The rise is designated as a "protected food supply exclusive zone" by the Philippine government since May 2017. Mining and oil exploration are banned in the Philippine Plateau as it is a protected area. On May 16, 2017, President Rodrigo Duterte signed Executive Order No. 25, renaming the feature to "Philippine Rise".

History

Survey by Admiral Benham
The landform was presumably named after Admiral Andrew Ellicot Kennedy Benham (1832–1905) by American surveyors who probably surveyed the geological feature. He was a United States Navy officer, who served with both the South Atlantic and West Gulf Blockading Squadrons during the American Civil War.

Studies following the 1990 Luzon earthquake
There has been speculation in the scientific community about the nature of the landform.

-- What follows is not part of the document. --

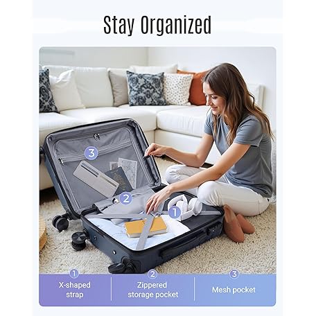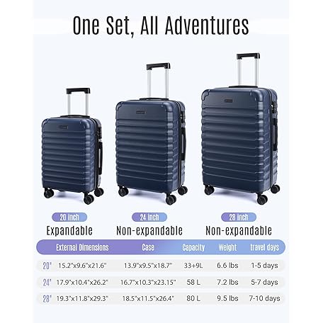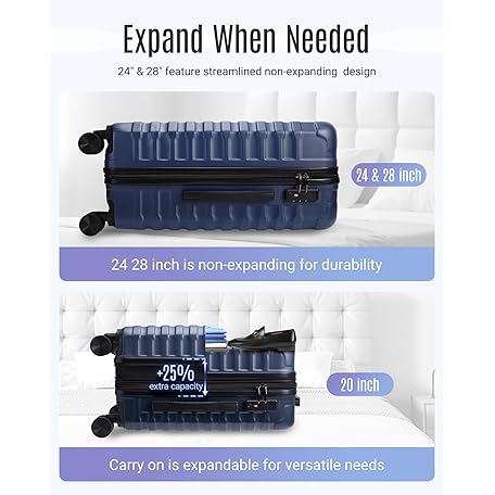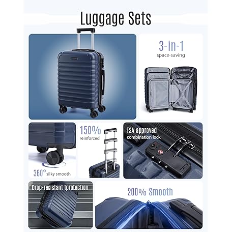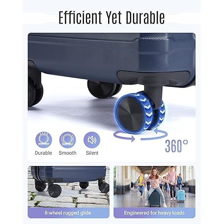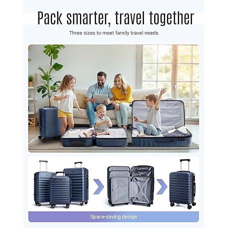 LIGHT FLIGHT Luggage Sets, 3 Piece Durable Suitcase Set with Spinner Wheels, 3 Pcs Hardside Lightweight luggage with TSA Lock, Large Checked Travel Suitcases, 20/24/28 Inch, Dark Blue

Following the major July 16 1990 Luzon earthquake, scientists reconsidered their fault models and decided it likely that Philippine Plateau has similarly displaced the Philippine Fault System to the west. After analyzing older models such as that of Pinet and Stephan (1989), scientists reconsidered their fault models. They thought that it is highly likely that the Philippine Plateau is still displacing Central Luzon and the Philippine Fault System to the west, which may have had an impact in causing such a catastrophic earthquake. The 20-second to 50-second wave in the 1990 quake that developed a new east–west sub-fault was so strong that it terminated disastrously at the city of Baguio in Benguet, Cordillera. Several scientific surveys, conducted between 2004 and 2008, collected hydrographic data that determined the morphology of the seabed in the region.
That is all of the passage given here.